Take the data below and copy exactly the lines starting at the one with "Ahora sí que" and finishing at the one with "使用智能设备和移动应用技术打造的uLove 2 APP,与OSIM", both included.

* Provided entries *
========

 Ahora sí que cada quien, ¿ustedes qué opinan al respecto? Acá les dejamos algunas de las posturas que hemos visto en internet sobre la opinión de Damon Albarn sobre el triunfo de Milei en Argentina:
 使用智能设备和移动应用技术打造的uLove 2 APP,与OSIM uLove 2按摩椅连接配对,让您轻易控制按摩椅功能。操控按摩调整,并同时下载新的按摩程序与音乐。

========

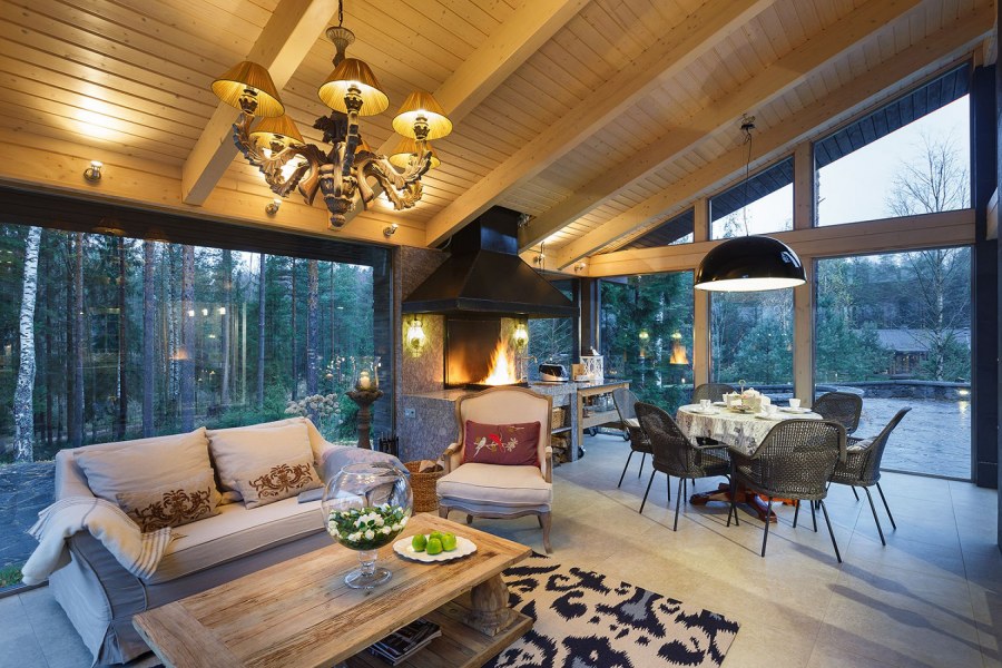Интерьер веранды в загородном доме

========

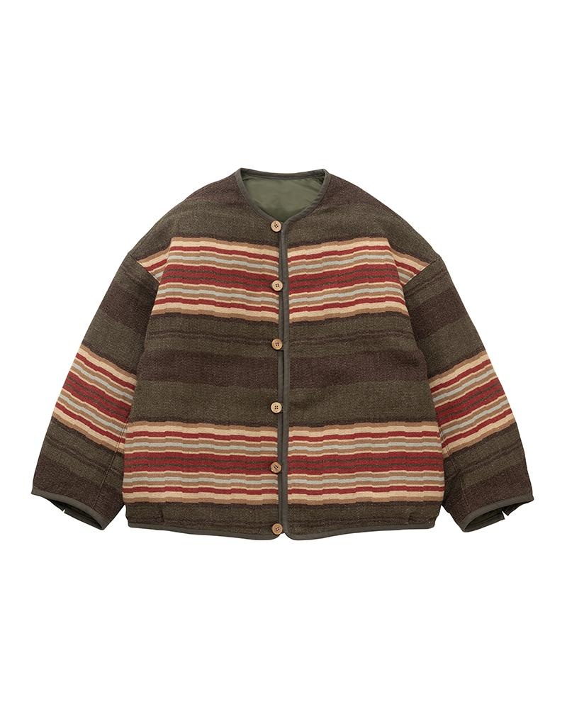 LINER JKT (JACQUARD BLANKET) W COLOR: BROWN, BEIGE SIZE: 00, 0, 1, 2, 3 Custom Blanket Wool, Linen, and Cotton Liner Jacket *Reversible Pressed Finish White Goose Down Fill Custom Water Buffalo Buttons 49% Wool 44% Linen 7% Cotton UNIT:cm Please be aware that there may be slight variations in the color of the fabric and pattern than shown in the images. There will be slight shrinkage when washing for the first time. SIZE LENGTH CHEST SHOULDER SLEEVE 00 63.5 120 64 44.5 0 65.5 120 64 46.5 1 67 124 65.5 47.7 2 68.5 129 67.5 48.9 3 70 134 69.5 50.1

========

* Worked solution *
 Ahora sí que cada quien, ¿ustedes qué opinan al respecto? Acá les dejamos algunas de las posturas que hemos visto en internet sobre la opinión de Damon Albarn sobre el triunfo de Milei en Argentina:
 使用智能设备和移动应用技术打造的uLove 2 APP,与OSIM uLove 2按摩椅连接配对,让您轻易控制按摩椅功能。操控按摩调整,并同时下载新的按摩程序与音乐。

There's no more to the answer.